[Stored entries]

^^^^^^^^

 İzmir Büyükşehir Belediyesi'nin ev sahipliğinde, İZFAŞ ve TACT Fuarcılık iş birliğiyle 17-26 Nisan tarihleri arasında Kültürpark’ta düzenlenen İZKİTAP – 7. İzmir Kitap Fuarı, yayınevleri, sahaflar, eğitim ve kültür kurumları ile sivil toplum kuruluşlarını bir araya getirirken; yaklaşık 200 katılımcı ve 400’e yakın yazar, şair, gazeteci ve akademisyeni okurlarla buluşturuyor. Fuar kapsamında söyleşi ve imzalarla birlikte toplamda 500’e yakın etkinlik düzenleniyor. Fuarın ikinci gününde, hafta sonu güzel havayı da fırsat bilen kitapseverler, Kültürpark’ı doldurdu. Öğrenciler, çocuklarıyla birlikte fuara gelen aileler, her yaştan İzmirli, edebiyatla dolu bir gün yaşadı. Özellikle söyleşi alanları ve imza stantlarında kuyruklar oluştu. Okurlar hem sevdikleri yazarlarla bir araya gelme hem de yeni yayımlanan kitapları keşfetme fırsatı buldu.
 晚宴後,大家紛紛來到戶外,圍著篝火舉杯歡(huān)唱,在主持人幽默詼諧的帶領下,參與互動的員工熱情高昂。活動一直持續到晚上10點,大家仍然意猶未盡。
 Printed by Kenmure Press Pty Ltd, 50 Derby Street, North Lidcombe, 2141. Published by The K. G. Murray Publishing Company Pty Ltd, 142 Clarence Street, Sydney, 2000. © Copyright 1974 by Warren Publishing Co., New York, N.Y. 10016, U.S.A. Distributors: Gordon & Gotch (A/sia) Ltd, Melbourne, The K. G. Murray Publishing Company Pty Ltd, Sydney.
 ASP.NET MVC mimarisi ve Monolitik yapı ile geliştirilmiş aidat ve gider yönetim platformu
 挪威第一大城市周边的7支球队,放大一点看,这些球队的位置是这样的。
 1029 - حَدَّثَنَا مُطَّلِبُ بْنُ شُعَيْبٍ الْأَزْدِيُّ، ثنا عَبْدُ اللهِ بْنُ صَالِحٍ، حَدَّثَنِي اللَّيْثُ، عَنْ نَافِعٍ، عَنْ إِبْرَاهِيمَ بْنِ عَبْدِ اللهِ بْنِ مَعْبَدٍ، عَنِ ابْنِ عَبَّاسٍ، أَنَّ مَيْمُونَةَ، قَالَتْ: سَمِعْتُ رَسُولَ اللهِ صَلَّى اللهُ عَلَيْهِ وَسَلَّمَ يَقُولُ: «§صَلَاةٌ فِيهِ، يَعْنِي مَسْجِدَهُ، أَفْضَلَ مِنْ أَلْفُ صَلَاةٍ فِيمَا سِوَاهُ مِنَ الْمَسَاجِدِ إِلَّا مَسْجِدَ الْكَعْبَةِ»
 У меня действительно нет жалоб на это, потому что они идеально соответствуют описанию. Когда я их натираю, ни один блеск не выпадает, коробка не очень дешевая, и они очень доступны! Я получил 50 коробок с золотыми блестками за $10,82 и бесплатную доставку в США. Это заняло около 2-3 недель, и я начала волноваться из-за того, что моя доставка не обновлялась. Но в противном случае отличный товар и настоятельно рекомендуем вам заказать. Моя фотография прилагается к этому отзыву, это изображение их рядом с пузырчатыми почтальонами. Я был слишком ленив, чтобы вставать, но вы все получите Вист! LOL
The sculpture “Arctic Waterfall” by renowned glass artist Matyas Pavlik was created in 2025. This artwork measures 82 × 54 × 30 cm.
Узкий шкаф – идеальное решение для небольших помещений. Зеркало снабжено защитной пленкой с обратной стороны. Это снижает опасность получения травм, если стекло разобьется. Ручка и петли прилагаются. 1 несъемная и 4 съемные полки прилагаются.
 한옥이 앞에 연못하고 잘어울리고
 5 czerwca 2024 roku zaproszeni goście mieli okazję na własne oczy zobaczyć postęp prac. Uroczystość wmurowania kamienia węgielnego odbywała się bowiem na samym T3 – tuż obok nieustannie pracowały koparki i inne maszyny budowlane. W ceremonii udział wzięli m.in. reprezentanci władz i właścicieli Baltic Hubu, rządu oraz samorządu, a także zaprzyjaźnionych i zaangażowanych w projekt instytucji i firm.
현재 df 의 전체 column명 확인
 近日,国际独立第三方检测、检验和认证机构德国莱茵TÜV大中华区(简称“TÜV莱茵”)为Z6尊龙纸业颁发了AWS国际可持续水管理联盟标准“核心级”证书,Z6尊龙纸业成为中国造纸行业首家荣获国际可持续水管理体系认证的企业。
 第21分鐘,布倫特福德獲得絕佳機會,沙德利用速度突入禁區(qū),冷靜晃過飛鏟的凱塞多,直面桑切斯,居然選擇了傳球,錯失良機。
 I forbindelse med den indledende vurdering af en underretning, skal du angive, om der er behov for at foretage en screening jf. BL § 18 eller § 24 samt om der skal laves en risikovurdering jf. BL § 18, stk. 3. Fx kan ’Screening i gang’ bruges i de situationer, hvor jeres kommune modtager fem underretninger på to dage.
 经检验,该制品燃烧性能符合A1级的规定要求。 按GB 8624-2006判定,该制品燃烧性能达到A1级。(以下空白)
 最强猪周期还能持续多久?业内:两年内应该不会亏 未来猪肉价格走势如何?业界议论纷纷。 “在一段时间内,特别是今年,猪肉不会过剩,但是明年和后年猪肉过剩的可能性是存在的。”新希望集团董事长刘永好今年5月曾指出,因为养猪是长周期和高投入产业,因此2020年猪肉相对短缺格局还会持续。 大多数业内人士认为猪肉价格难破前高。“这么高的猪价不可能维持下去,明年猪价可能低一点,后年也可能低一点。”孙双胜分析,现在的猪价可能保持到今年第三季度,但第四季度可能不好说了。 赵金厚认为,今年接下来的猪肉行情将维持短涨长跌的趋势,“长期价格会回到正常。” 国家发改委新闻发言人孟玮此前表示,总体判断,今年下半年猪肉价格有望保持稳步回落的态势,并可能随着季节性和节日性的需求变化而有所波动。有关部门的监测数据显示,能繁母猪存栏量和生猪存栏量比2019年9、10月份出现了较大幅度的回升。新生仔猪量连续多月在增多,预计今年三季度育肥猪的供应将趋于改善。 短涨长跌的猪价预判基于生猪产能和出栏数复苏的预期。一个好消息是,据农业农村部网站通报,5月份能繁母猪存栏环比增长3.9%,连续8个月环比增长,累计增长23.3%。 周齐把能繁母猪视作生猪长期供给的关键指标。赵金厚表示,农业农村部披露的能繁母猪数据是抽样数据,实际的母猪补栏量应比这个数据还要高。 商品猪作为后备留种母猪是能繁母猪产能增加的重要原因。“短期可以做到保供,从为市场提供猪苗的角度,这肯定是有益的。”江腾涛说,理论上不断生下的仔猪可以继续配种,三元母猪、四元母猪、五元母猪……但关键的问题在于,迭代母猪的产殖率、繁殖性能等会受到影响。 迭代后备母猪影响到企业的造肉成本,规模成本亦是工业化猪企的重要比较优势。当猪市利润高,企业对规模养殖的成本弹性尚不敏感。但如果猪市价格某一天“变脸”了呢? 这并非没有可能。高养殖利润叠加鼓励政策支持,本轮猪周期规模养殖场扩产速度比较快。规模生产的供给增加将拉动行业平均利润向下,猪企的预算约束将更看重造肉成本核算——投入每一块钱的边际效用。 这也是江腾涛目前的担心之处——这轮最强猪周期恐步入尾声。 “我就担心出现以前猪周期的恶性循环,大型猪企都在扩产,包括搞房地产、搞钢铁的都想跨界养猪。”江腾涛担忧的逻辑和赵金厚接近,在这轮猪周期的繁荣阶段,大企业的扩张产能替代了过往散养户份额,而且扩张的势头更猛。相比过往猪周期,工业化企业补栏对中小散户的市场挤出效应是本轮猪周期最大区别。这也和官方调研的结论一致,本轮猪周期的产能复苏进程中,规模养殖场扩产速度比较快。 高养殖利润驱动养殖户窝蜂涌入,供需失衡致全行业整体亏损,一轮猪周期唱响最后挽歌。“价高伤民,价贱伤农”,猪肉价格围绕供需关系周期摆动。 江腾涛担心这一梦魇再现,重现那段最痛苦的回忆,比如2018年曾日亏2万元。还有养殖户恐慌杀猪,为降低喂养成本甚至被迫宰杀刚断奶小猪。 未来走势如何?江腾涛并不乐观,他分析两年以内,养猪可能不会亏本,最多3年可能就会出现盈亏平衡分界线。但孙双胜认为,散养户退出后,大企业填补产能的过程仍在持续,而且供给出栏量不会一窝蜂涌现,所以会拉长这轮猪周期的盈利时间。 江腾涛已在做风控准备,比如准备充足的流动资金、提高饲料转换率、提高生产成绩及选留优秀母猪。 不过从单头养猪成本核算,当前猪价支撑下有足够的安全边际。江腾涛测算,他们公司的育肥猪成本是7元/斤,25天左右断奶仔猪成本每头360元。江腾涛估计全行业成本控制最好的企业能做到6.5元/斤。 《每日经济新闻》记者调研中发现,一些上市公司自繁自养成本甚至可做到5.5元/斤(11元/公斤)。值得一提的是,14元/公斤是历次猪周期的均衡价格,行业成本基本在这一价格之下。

^^^^^^^^

> **Exercise directions**
What you give back should be exactly the lines of the entries above from the one containing "近日,国际独立第三方检测、检" to the end, and nothing more.

> **Task output**
 近日,国际独立第三方检测、检验和认证机构德国莱茵TÜV大中华区(简称“TÜV莱茵”)为Z6尊龙纸业颁发了AWS国际可持续水管理联盟标准“核心级”证书,Z6尊龙纸业成为中国造纸行业首家荣获国际可持续水管理体系认证的企业。
 第21分鐘,布倫特福德獲得絕佳機會,沙德利用速度突入禁區(qū),冷靜晃過飛鏟的凱塞多,直面桑切斯,居然選擇了傳球,錯失良機。
 I forbindelse med den indledende vurdering af en underretning, skal du angive, om der er behov for at foretage en screening jf. BL § 18 eller § 24 samt om der skal laves en risikovurdering jf. BL § 18, stk. 3. Fx kan ’Screening i gang’ bruges i de situationer, hvor jeres kommune modtager fem underretninger på to dage.
 经检验,该制品燃烧性能符合A1级的规定要求。 按GB 8624-2006判定,该制品燃烧性能达到A1级。(以下空白)
 最强猪周期还能持续多久?业内:两年内应该不会亏 未来猪肉价格走势如何?业界议论纷纷。 “在一段时间内,特别是今年,猪肉不会过剩,但是明年和后年猪肉过剩的可能性是存在的。”新希望集团董事长刘永好今年5月曾指出,因为养猪是长周期和高投入产业,因此2020年猪肉相对短缺格局还会持续。 大多数业内人士认为猪肉价格难破前高。“这么高的猪价不可能维持下去,明年猪价可能低一点,后年也可能低一点。”孙双胜分析,现在的猪价可能保持到今年第三季度,但第四季度可能不好说了。 赵金厚认为,今年接下来的猪肉行情将维持短涨长跌的趋势,“长期价格会回到正常。” 国家发改委新闻发言人孟玮此前表示,总体判断,今年下半年猪肉价格有望保持稳步回落的态势,并可能随着季节性和节日性的需求变化而有所波动。有关部门的监测数据显示,能繁母猪存栏量和生猪存栏量比2019年9、10月份出现了较大幅度的回升。新生仔猪量连续多月在增多,预计今年三季度育肥猪的供应将趋于改善。 短涨长跌的猪价预判基于生猪产能和出栏数复苏的预期。一个好消息是,据农业农村部网站通报,5月份能繁母猪存栏环比增长3.9%,连续8个月环比增长,累计增长23.3%。 周齐把能繁母猪视作生猪长期供给的关键指标。赵金厚表示,农业农村部披露的能繁母猪数据是抽样数据,实际的母猪补栏量应比这个数据还要高。 商品猪作为后备留种母猪是能繁母猪产能增加的重要原因。“短期可以做到保供,从为市场提供猪苗的角度,这肯定是有益的。”江腾涛说,理论上不断生下的仔猪可以继续配种,三元母猪、四元母猪、五元母猪……但关键的问题在于,迭代母猪的产殖率、繁殖性能等会受到影响。 迭代后备母猪影响到企业的造肉成本,规模成本亦是工业化猪企的重要比较优势。当猪市利润高,企业对规模养殖的成本弹性尚不敏感。但如果猪市价格某一天“变脸”了呢? 这并非没有可能。高养殖利润叠加鼓励政策支持,本轮猪周期规模养殖场扩产速度比较快。规模生产的供给增加将拉动行业平均利润向下,猪企的预算约束将更看重造肉成本核算——投入每一块钱的边际效用。 这也是江腾涛目前的担心之处——这轮最强猪周期恐步入尾声。 “我就担心出现以前猪周期的恶性循环,大型猪企都在扩产,包括搞房地产、搞钢铁的都想跨界养猪。”江腾涛担忧的逻辑和赵金厚接近,在这轮猪周期的繁荣阶段,大企业的扩张产能替代了过往散养户份额,而且扩张的势头更猛。相比过往猪周期,工业化企业补栏对中小散户的市场挤出效应是本轮猪周期最大区别。这也和官方调研的结论一致,本轮猪周期的产能复苏进程中,规模养殖场扩产速度比较快。 高养殖利润驱动养殖户窝蜂涌入,供需失衡致全行业整体亏损,一轮猪周期唱响最后挽歌。“价高伤民,价贱伤农”,猪肉价格围绕供需关系周期摆动。 江腾涛担心这一梦魇再现,重现那段最痛苦的回忆,比如2018年曾日亏2万元。还有养殖户恐慌杀猪,为降低喂养成本甚至被迫宰杀刚断奶小猪。 未来走势如何?江腾涛并不乐观,他分析两年以内,养猪可能不会亏本,最多3年可能就会出现盈亏平衡分界线。但孙双胜认为,散养户退出后,大企业填补产能的过程仍在持续,而且供给出栏量不会一窝蜂涌现,所以会拉长这轮猪周期的盈利时间。 江腾涛已在做风控准备,比如准备充足的流动资金、提高饲料转换率、提高生产成绩及选留优秀母猪。 不过从单头养猪成本核算,当前猪价支撑下有足够的安全边际。江腾涛测算,他们公司的育肥猪成本是7元/斤,25天左右断奶仔猪成本每头360元。江腾涛估计全行业成本控制最好的企业能做到6.5元/斤。 《每日经济新闻》记者调研中发现,一些上市公司自繁自养成本甚至可做到5.5元/斤(11元/公斤)。值得一提的是,14元/公斤是历次猪周期的均衡价格,行业成本基本在这一价格之下。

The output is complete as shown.